== Task goal ==
Please give back the listing below word for word and drop any images.

== Data ==
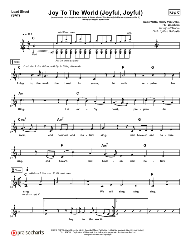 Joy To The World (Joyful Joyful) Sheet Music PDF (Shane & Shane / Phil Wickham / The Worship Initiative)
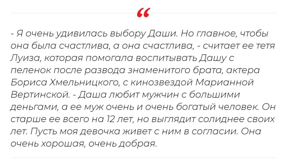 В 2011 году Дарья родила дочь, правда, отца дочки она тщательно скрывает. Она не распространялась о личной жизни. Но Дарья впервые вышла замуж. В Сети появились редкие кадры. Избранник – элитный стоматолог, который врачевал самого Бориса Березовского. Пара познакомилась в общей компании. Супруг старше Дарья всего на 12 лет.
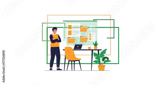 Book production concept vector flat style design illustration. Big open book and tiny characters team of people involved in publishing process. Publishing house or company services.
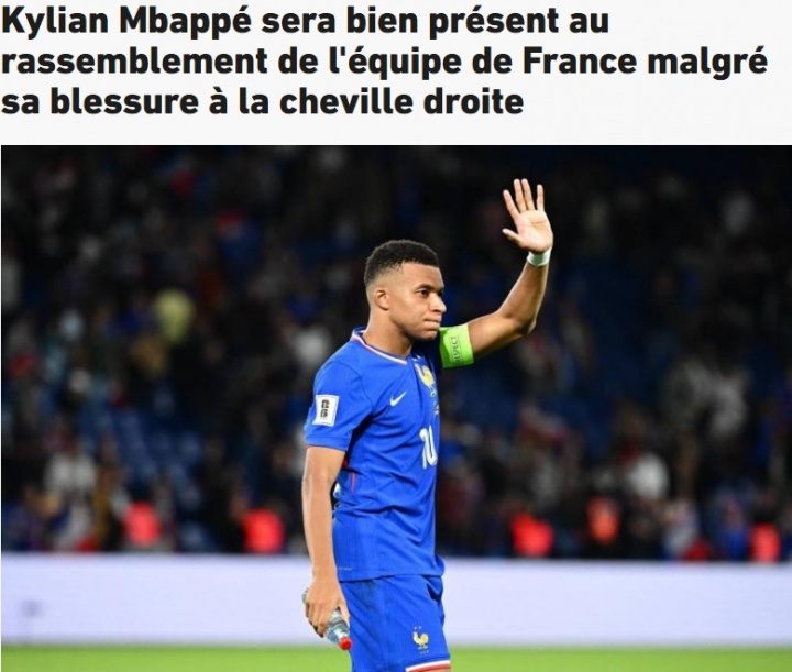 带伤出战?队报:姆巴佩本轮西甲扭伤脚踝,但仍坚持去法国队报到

== Solution for this task ==
 Joy To The World (Joyful Joyful) Sheet Music PDF (Shane & Shane / Phil Wickham / The Worship Initiative)
 В 2011 году Дарья родила дочь, правда, отца дочки она тщательно скрывает. Она не распространялась о личной жизни. Но Дарья впервые вышла замуж. В Сети появились редкие кадры. Избранник – элитный стоматолог, который врачевал самого Бориса Березовского. Пара познакомилась в общей компании. Супруг старше Дарья всего на 12 лет.
 Book production concept vector flat style design illustration. Big open book and tiny characters team of people involved in publishing process. Publishing house or company services.
 带伤出战?队报:姆巴佩本轮西甲扭伤脚踝,但仍坚持去法国队报到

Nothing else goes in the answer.